Yet another remarkable description in Vicaire’s book was that of St. Dominic’s apostolic life as an instrument for saving souls. Before St. Dominic accepted his mission to convert the Cathars of his time, Pope Innocent III had commissioned expeditions that later on failed. St. Dominic recognized that the failure was due to the inconsistency between the simple life the missionaries preached and the lavish one they lived. According to St. Dominic, “Not like this!” could the missionaries be credible witnesses to the Gospel they professed. This spoke to me as a pastor and evangelist. In Dominican spirituality I found the model of apostolic life so necessary in today’s consumeristic world: if I am to preach the Gospel and strive for evangelical perfection, I must follow the counsel of St. Dominic by conforming to Christ, by living the life of poverty lived by Jesus and preventing my thoughts and acts from being polluted by a worldly mentality.  Only then can I become an operator of His eternal priesthood that builds the Church in the world.

Vicaire’s book is very dear to me, and so are many others I read later, such as The Dialogue of St. Catherine of Siena; Saint Dominic as Seen by His Contemporaries, by Pietro Lippini, OP; Great Joy: Dominican Spirituality as a Daily Lifestyle, by Antonietta Potente, OP; The New Wine of Spirituality, byPaul Murray, OP; and everything by Timothy Radcliffe, OP. They have caused me to love St. Dominic, drawn me to the Dominic Order such that I aspire to:

  • Live in true communion, enlivened by the Word of God, with my brothers in the presbyterate and with all people the Lord puts on my path, sharing faith, friendship and life’s sad and joyful events;
  • Listen incessantly to the Word of God contained in Scripture, in the parish and on life’s journey, to know God and His plan of love and salvation, and listen attentively to the people of God, to know their hopes, fears, joys and, above all, eagerness for truth;
  • Study to reflect on the “multifaceted wisdom of God” and discern the “multiple ways of the Gospel in created things, in human works and institutions and in different religions” to be able to perform a true ministerial service of the Word;
  • Contemplate God and His truth operating in the history of humanity, to taste the Word through silence and assimilate it in prayer and communicate to others the goodness of God, the greatness of His presence in us and the universality of His salvation;
  • Celebrate the revealed Word “solemnly and in common,” especially in the daily Eucharistic celebration, because “the liturgical celebration is the center and heart of my whole life” through which I can give glory to God, invoke the Father’s mercy for all the needs of the Church and the world, strengthen my faith and discern the efficacy of the mission that the Lord asks me to fulfill; and
  • Preach the name of our Lord Jesus Christ throughout the world, as the raison d’etre of my existence, proclaiming to all people the Word of God that saves and transforms humanity.
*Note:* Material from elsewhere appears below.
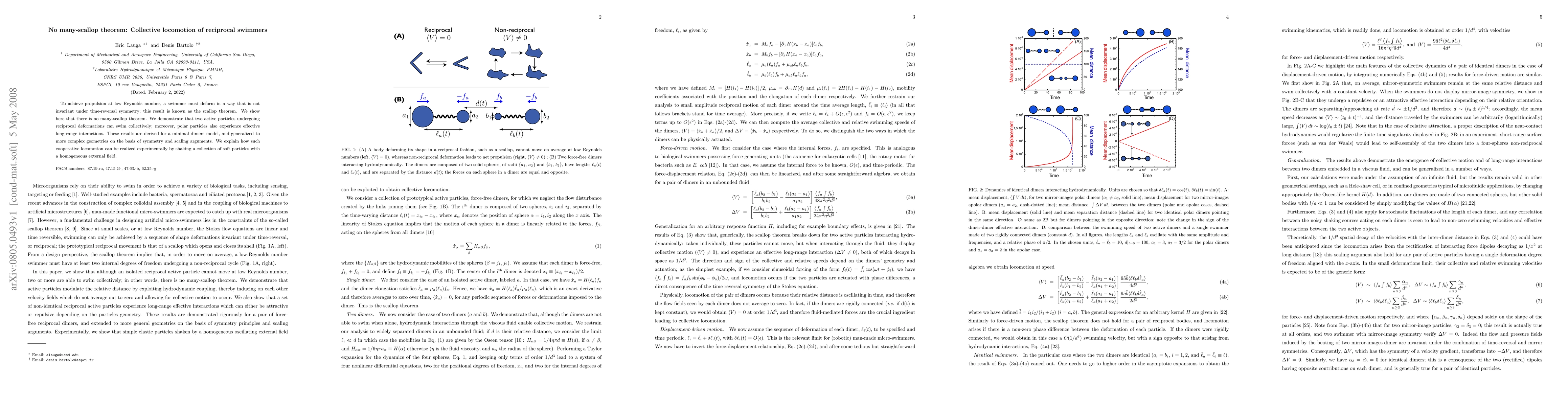 To achieve propulsion at low Reynolds number, a swimmer must deform in a way that is not invariant under time-reversal symmetry; this result is known as the scallop theorem. We show here that there is no many-scallop theorem. We demonstrate that two active particles undergoing reciprocal deformations can swim collectively; moreover, polar particles also experience effective long-range interactions. These results are derived for a minimal dimers model, and generalized to more complex geometries on the basis of symmetry and scaling arguments. We explain how such cooperative locomotion can be realized experimentally by shaking a collection of soft particles with a homogeneous external field.
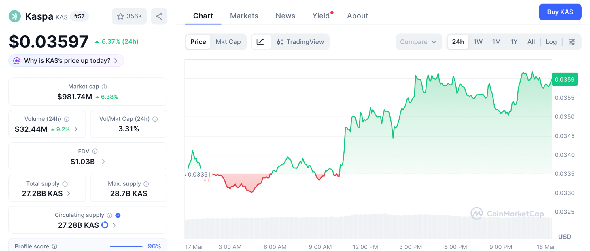 Kaspa holds at $0.035 as of March 17 with a loyal community and consistent on chain transaction volumes that reflect real usage. But analysts project a potential dip toward $0.027 by mid April before any meaningful recovery comes through.

I thank God, with all my heart, that I have been able to begin my path in the Dominican Priestly Fraternities because I am convinced that it is the “spiritual and community place” that the Lord has decided to give me to guard me, form me and make me grow in holiness throughout all the years of presbyteral ministry that His infinite mercy may decide to grant me.

To the praise and glory of God!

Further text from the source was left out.